Sometimes referred to as Mid-Continent’s “ambassador of steam,” the C&NW #1385 was the first steam locomotive ever operated by Mid-Continent Railway Museum in 1963. In the 1980s it was used by the Chicago & North Western Railway as their goodwill ambassador to the public, traveling extensively on the C&NW network and bringing operating railroad history to many thousands of people in their hometowns. At Mid-Continent Railway Museum’s North Freedom, Wisconsin location, the locomotive was often seen in service pulling museum visitors up and down the former C&NW branch line which Mid-Continent calls home.

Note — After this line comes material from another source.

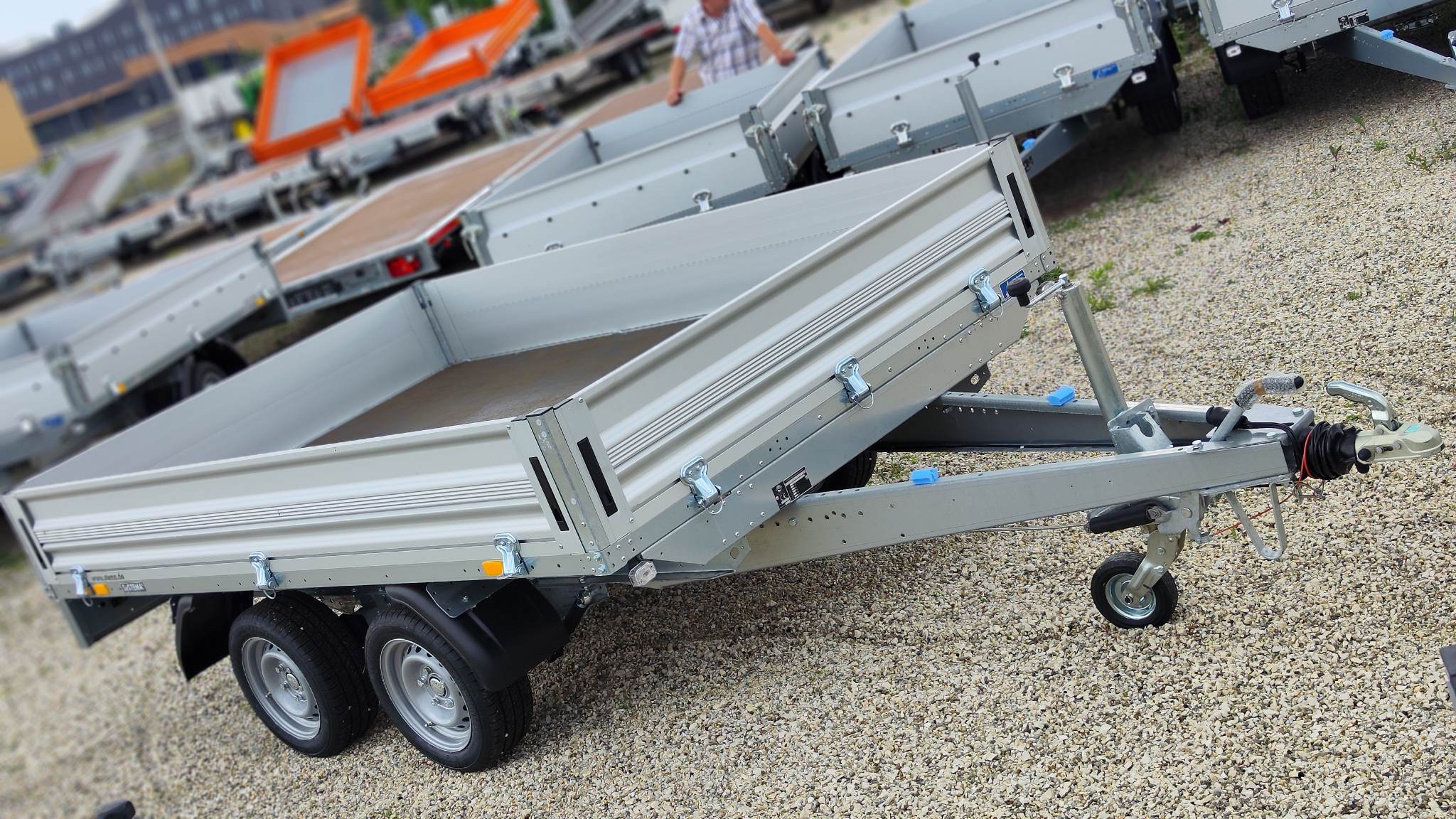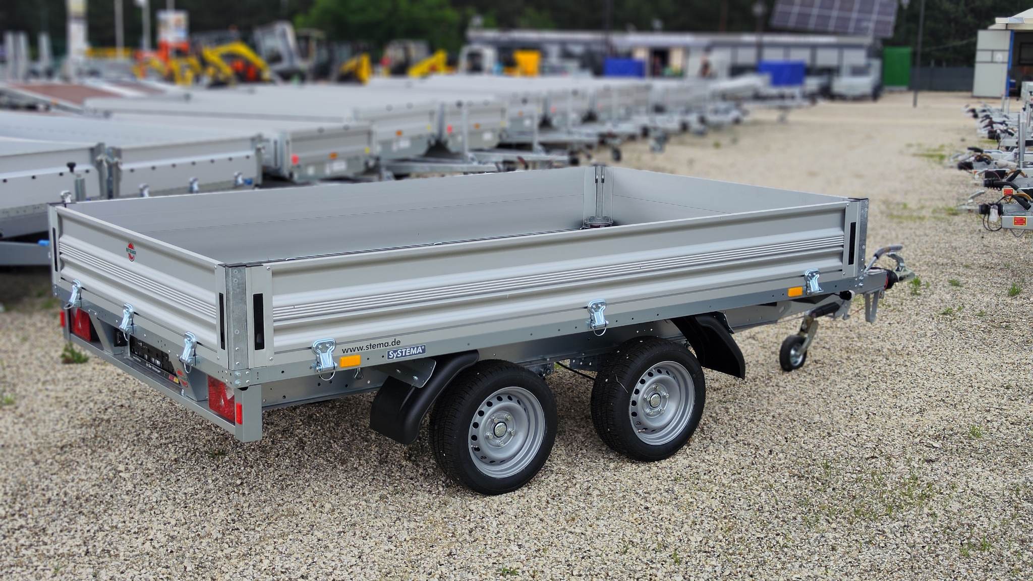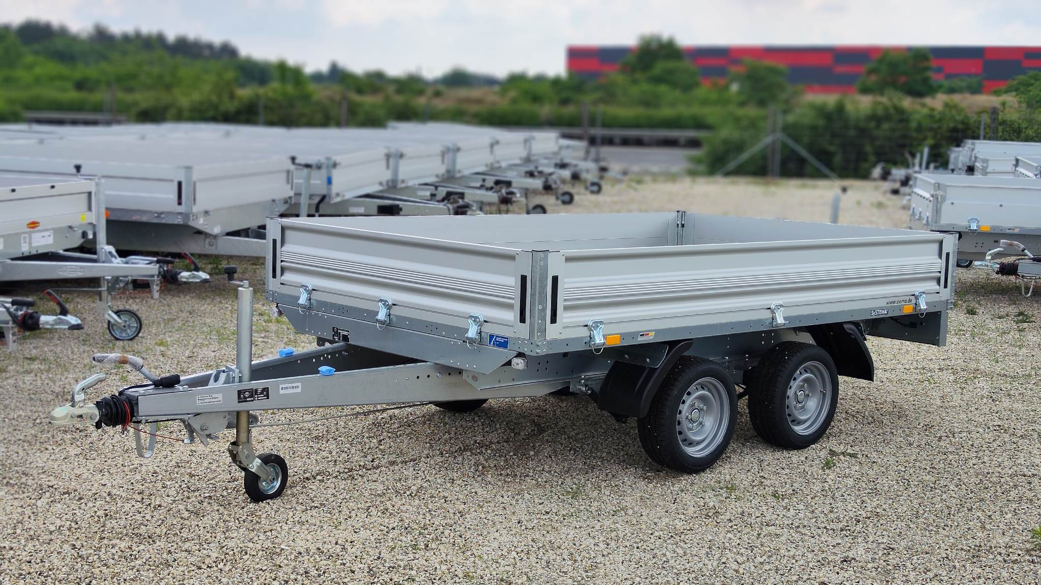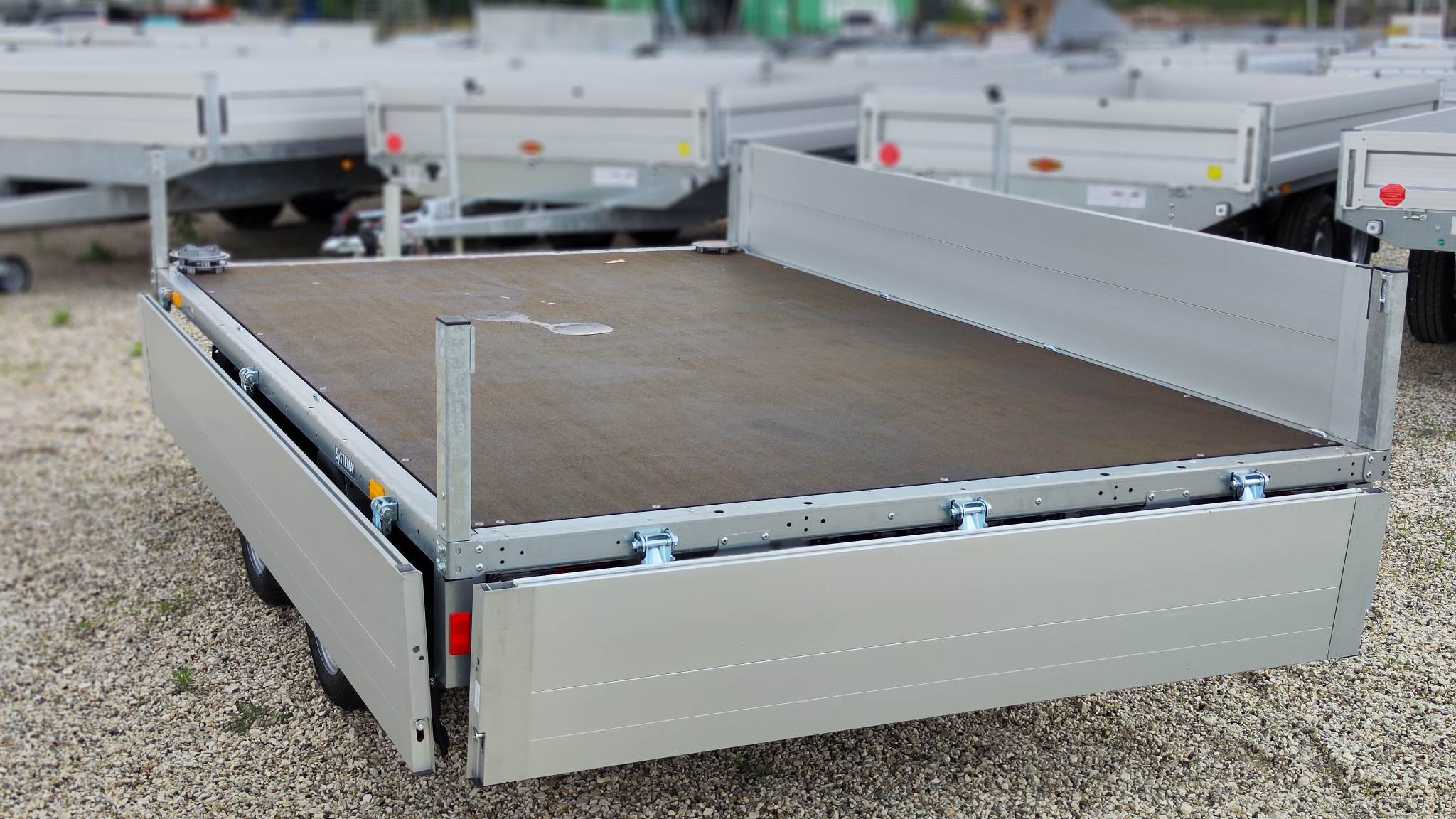 Stema SHP 27-30-18.2 típusú 2 tengelyes ráfutófékes áruszállító kivitel. A plató hasznos belső mérete 301x183cm, 2700kg össztömeg, masszív horganyzott acél alváz, plywood rétegelt lemez fa padozat, 35cm magas duplafalú eloxált alumínium oldalfal, minden oldalon nyitható, levehető, sarokvas leszerelhető. Lengéscsillapító szett tartozéka. Az alvázban rámpatartónak kialakított hely elő van készítve, utólag is bármikor beszerelhető. Stema minőségi pótkocsi Németországból. A nálunk vásárolt pótkocsikat igény esetén forgalomba helyezzük, nagy többségében 3-5 munkanap alatt, lebonyolítható interneten keresztül otthonról is, elegendő csak az átvételkor eljönni telephelyünkre. A képek illusztrációs jelleggel készültek. A pontos felszereltségről és kiegészítőkről vásárlás előtt kérjük tájékozódjon elérhetőségeink egyikén, amennyiben az a leírásból nem derül ki egyértelműen.

These past achievements and future plans for the locomotive fit perfectly within the goals of the John H. Emery Rail Heritage Trust. Among the criteria Mr. Emery established for the Trust were:
- To help re-create and preserve, to the extent possible, the rail passenger travel experience as it was in the U. S. from approximately 1920 through 1960.
- To preserve and restore to working order rolling stock and other working artifacts from the “Golden Age” of the U.S. rail passenger service.
- The emphasis shall be on organizations that offer the general public an opportunity to ride historically significant equipment over historic rail lines. The Trust may, however, support organizations that would use modern equipment to restore passenger service over historic rails, or to build new rails on which to operate historic equipment in passenger service.
John Emery, a native of Chicago and lover of classic passenger trains, founded the Trust as way to support ongoing efforts to preserve examples of America’s great passenger trains. Emery was a world traveler, visiting over 125 nations. As an avid railway buff both abroad and in the U.S., John rode the rails as often as possible. Utilizing his talents as a businessman, investor, and accomplished writer, he grew to become a great philanthropist, sharing his success through multiple foundations. Emery passed away peacefully in 2012 at the age of 75. Now his legacy lives on through the foundations he established and the Advisory Committee now appointed to continue his philanthropy.
In all, 11 grants totaling $162,500 were awarded in this first series offered by the Emery Rail Heritage Trust. Grant winners spanned the country from Tennessee to New England, New Mexico to Michigan. Among the grant winners were several other steam locomotive restorations, rolling stock, and infrastructure projects.